Further, all licence holders would be subject to a one-time fee payable to the gaming commission over a maximum of 60 months, standing at $10m. 

HB1380 also suggests a tax rate of 15 per cent on all GGR made from those online poker operators, with the funds set to be used to top up the state lottery fund for New York. 

This is not the first time an attempt has been made to legalise poker in the Empire State, following numerous previous probes that had little to no impact. 

In January 2019, Senator Joseph Addabbo introduced a similar bill that also sought to provide 11 licences across Class III licensees and VLT-certified establishments. 
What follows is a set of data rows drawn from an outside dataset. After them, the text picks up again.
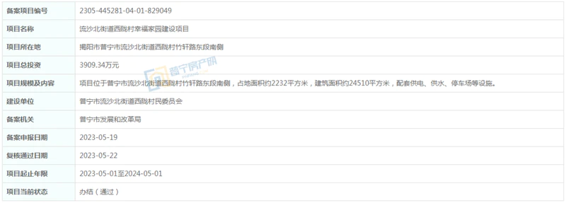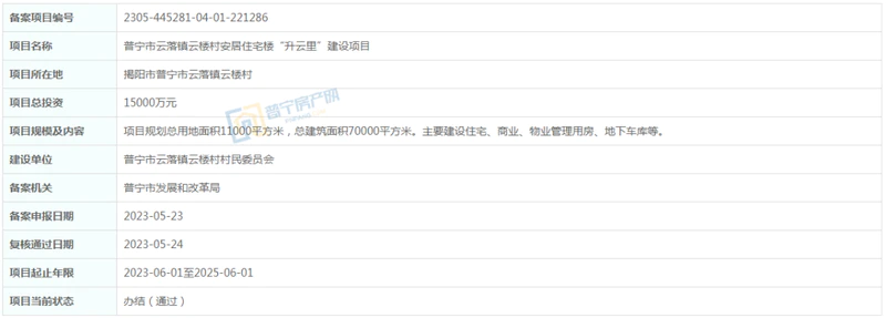 位于普宁市云落镇云楼村,总投资15000万元,项目规划总用地面积11000平方米,总建筑面积70000平方米。主要建设住宅、商业、物业管理用房、地下车库等。建设单位为普宁市云落镇云楼村村民委员会,项目起止年限2023-06-01至2025-06-01
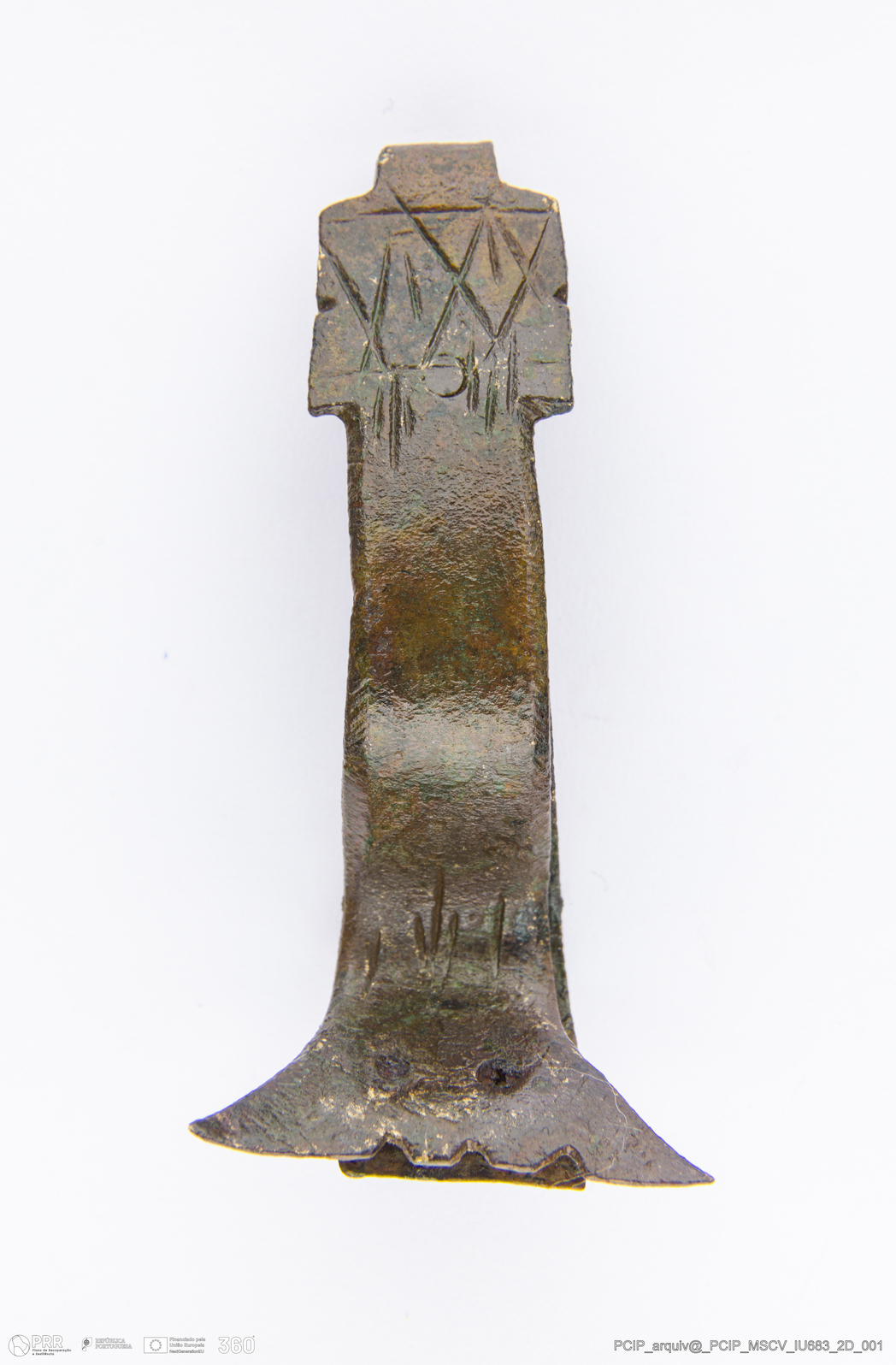 Matéria/Técnica: Liga de cobre; Cronologia: Século XVII; Autoria: Desconhecida; Dimensões: Altura: 57mm; Largura: 28mm; Espessura: 4mm.
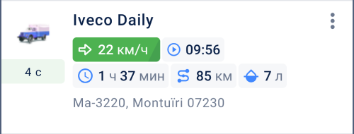На вкладке Мониторинг в карточках объектов показываются последние данные об объектах: скорость, длительность поездки или стоянки, уровень топлива, значения датчиков, местоположение и др. Эта информация доступна в рабочем списке и подробной информации.

Unfortunately, that bill failed to pass the house and Sen Addabbo repeated this failure in 2021 with a bill aiming to legalise both online poker and online casino.

Despite the previous failures, Pretlow will hope to have the support needed for the bill to pass through the legislative procedures required. This could be helped by the impressive performance of the state’s sports betting market since it launched last year, which yielded record taxes.

Lawmakers within New York are set to amend the state’s sports betting laws in order to offer tax relief to operators who have, so far, paid 51 per cent tax on GGR since the market launch.

Suggested proposals would see the tax burden of these companies decreased to either 50 or 25 per cent, depending on specific conditions.